Turner-Kieser syndrome (also known as hereditary arthroosteoonychodysplasia, hereditary onychoarthrosis, or hereditary onychoarthroosteodysplasia) is a rare genetic disorder characterized by congenital defects of the nails and bones.
This disease was first described by the American physician Joseph W. Turner and the German physician Wilhelm Kieser in 1938, after whom the syndrome was named.
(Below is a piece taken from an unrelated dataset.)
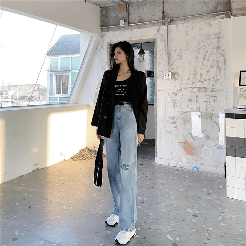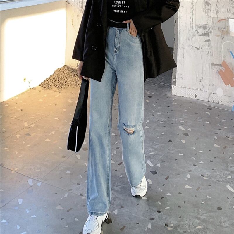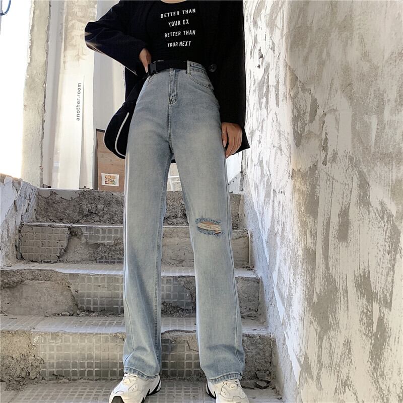淡い色の破れたジーンズ女性の2020年初秋新しいスタイルの調節可能なベルトハイウエストストレートルーズワイドレッグパンツ クレセントシティ22536659720
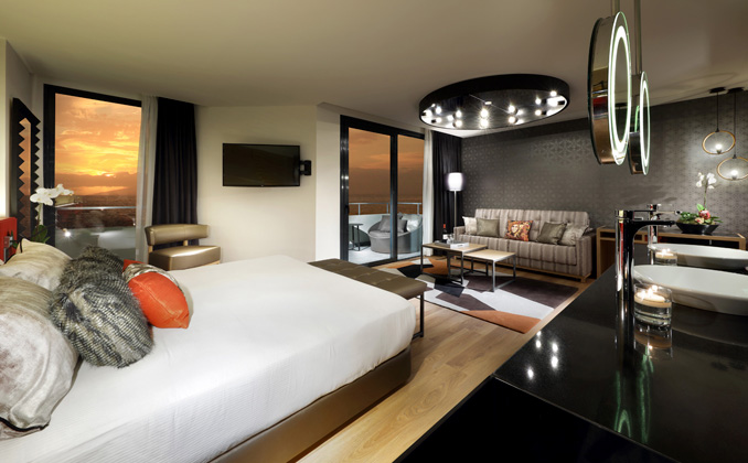 Fully-equipped 35-m2 rooms with a king-size bed or 2 twin beds, living room with sofa bed and all the VIP services included in the Rock Royalty Level.

The main symptoms of Turner-Kieser syndrome:
- Deformations and underdevelopment of fingernails and toenails
- Osteoporosis and other bone development defects
- Short height
- Deformities of the feet and other joints
The cause of the disease is mutations in the ROR2 and FAM20C genes, which play an important role in the normal development of the skeleton and nails. Turner-Kieser syndrome is inherited in an autosomal recessive manner.
Diagnosis is based on the clinical picture and gene analysis. Treatment is mainly symptomatic and aimed at correcting bone and joint deformities. The prognosis for life is favorable, but disability is possible due to severe skeletal abnormalities.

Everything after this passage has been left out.